After Pink Lemonade came Orange Crush. I had heard some very positive things about Orange Crush regarding their sisterhood, but I knew that it wasn’t as highly regarded as other chapters. Despite the things I’d heard from other PNMS and online, I went in with an open mind. The girls were all so nice to me and very genuine. However, the first girl I talked to was extremely awkward and I couldn’t get over how hard it was to get through our conversation. The second one was very enthusiastic and had so much to say, so I was glad that our convo made up for the first one I’d had. I noted how nice and new their house was, and decided that I didn’t have anything against this house like some girls did!

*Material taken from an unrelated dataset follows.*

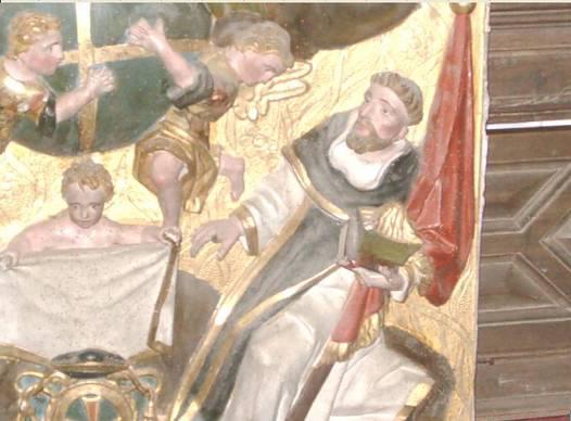 Esta figura tan en primer plano ¿A quién representa? ¿A la Institución Religiosa de los Trinitarios? A uno de sus miembros que tuvo alguna relación con Arcellares? No se ha encontrado respuesta satisfactoria. Seguiremos buscando.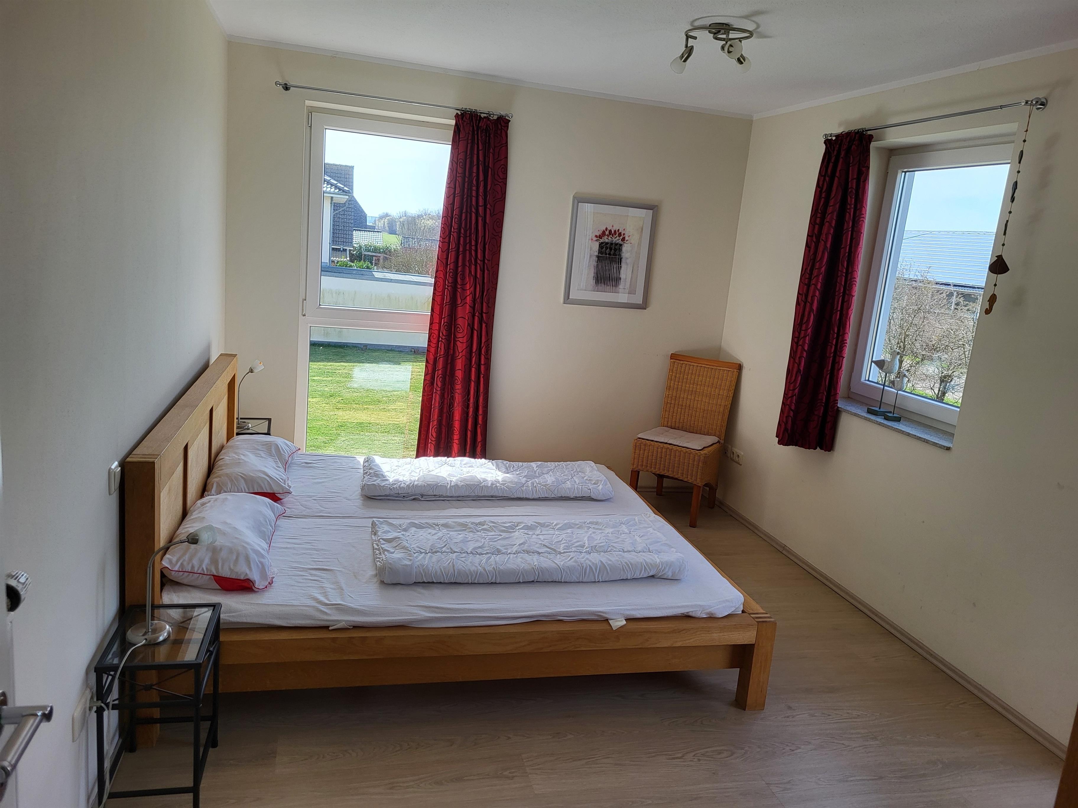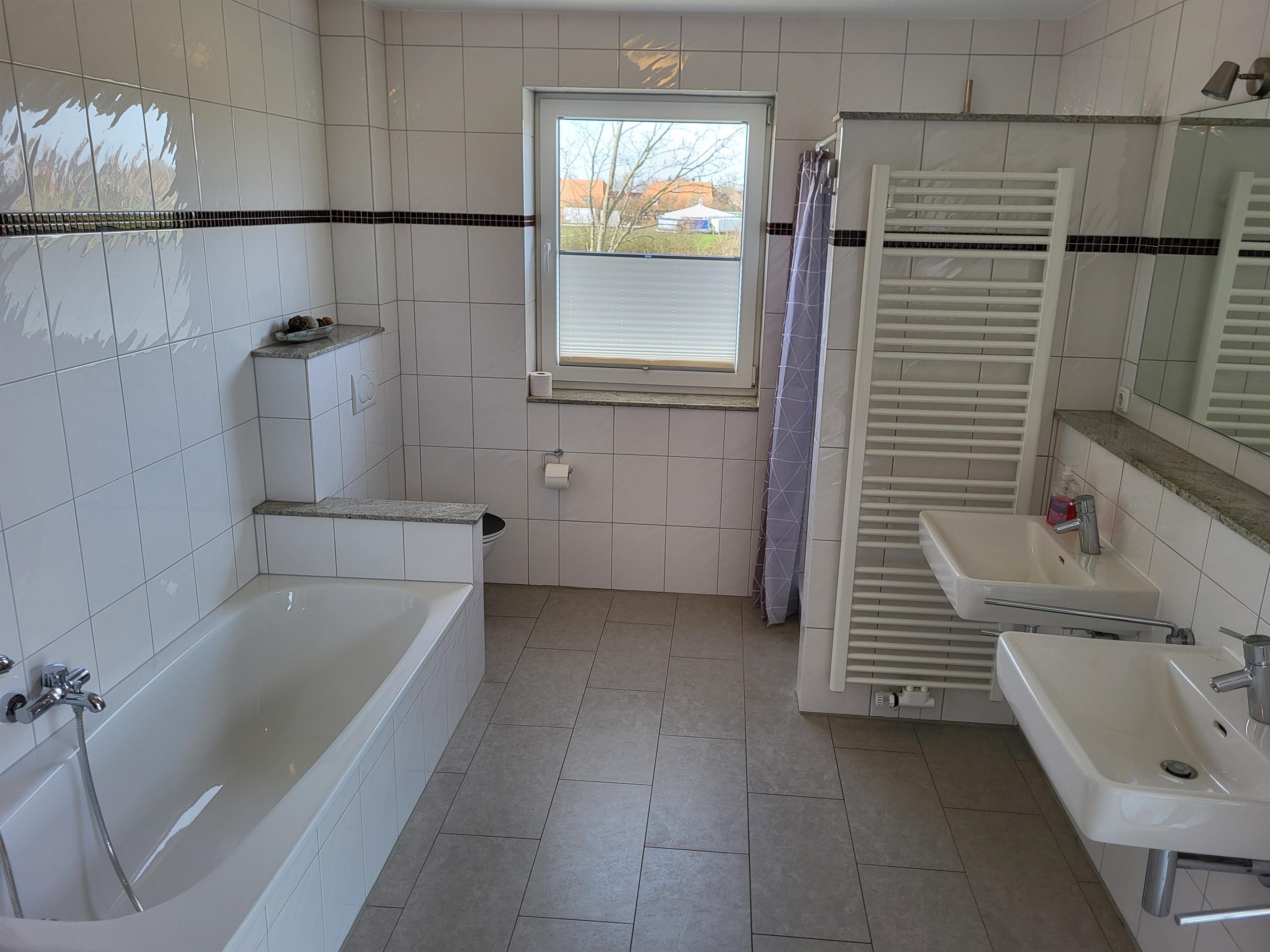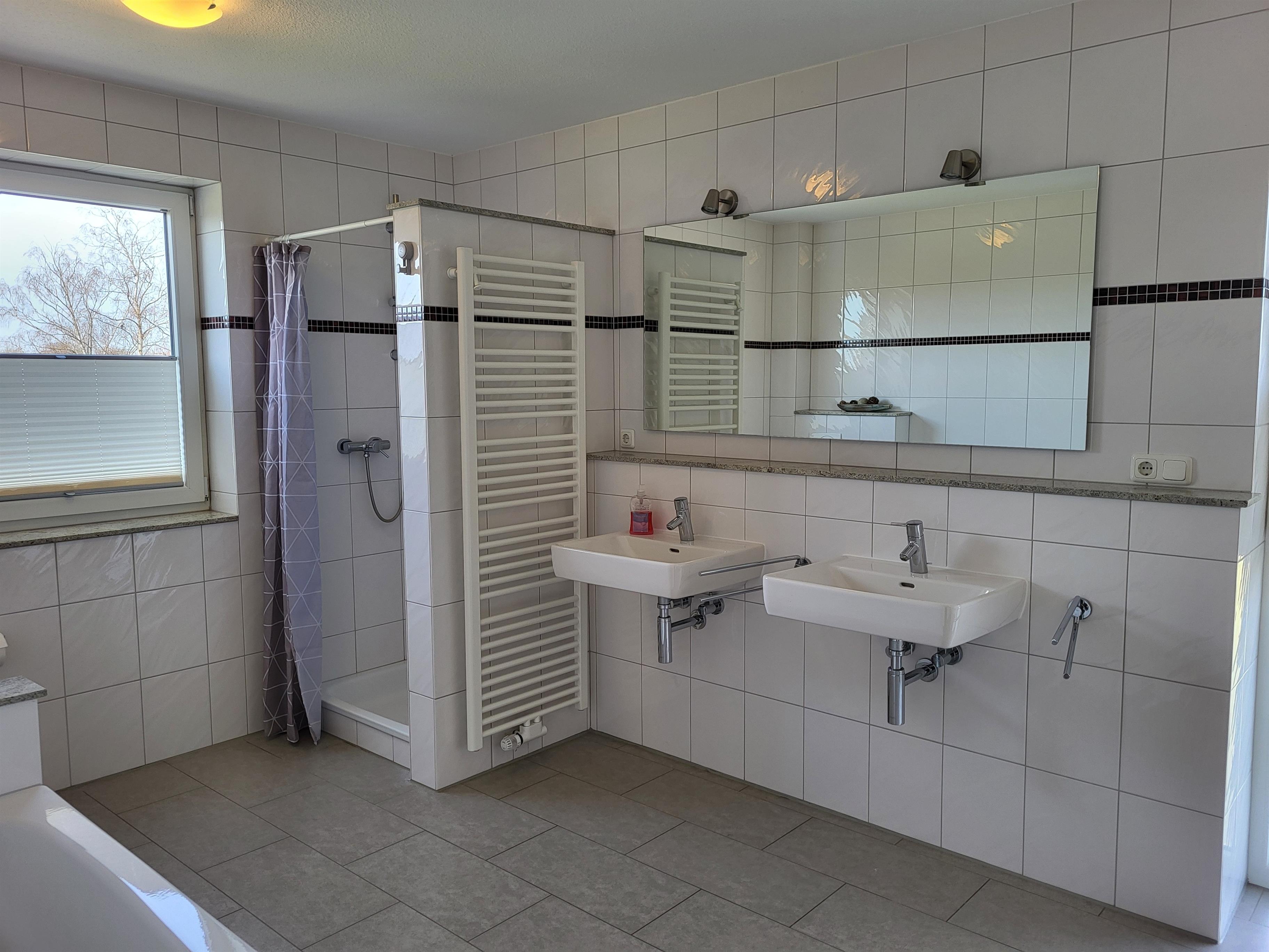 Im Obergeschoss finden sie 2 helle Schlafräume mit Doppelbetten, 1 großes Komfortbad mit Dusche, Badewanne , Doppelwaschbecken und Saunabereich sowie Waschmaschine und Wäschetrockner.

Pina Colada was up next. This is the house I will never forget for all the wrong reasons! The girls were all very presentable but I just knew I wasn’t supposed to be in Pina Colada….the girl that rushed me first was a complete air-head. She asked me the most ridiculous questions that made her sound extremely uneducated, and I almost felt like laughing because after a day of stellar girls rushing me, this girl was a joke. The girl that took her place mid-social was no better… our conversation ended on a very awkward note and I told myself that I just couldn’t bear to be invited back. Surprisingly, a lot of girls LOVED this chapter, which made me feel like I might’ve just been rushed by the wrong girls.
The last chapter of the day was Dr. Pepper. I knew this was a top chapter at my school, if not THE top chapter. This is what I texted to my mom after visiting the house:
“Everyone at Dr. Pepper was insanely gorgeous, and I had greatly convos. I’m scared I talked too much about myself and not enough about their sorority, though. They were so classy, mom!!!”
A really close family friend of ours was a Dr. Pepper, and she had written me a rec that she claimed was “stellar,” but she wouldn’t let me see it until after recruitment. My entire senior year, she had pushed Dr. Pepper onto me, and I seriously thought that maybe I’d end up in that chapter. After the first day, I already knew these girls meant business. I really liked the chapter and wanted to see how far I could get with it. I knew they known to be very selective, so part of me just wanted to see how far I could get… but I also wanted to get to know the girls better. Maybe this could be my future home!
After the day was over, I chatted with my hallmates about which houses we loved and loathed. I was OBSESSED with recruitment even after such a hot, long and tiring day. I could barely go to sleep that night, dreaming about what letters I’d be wearing come Bid Day!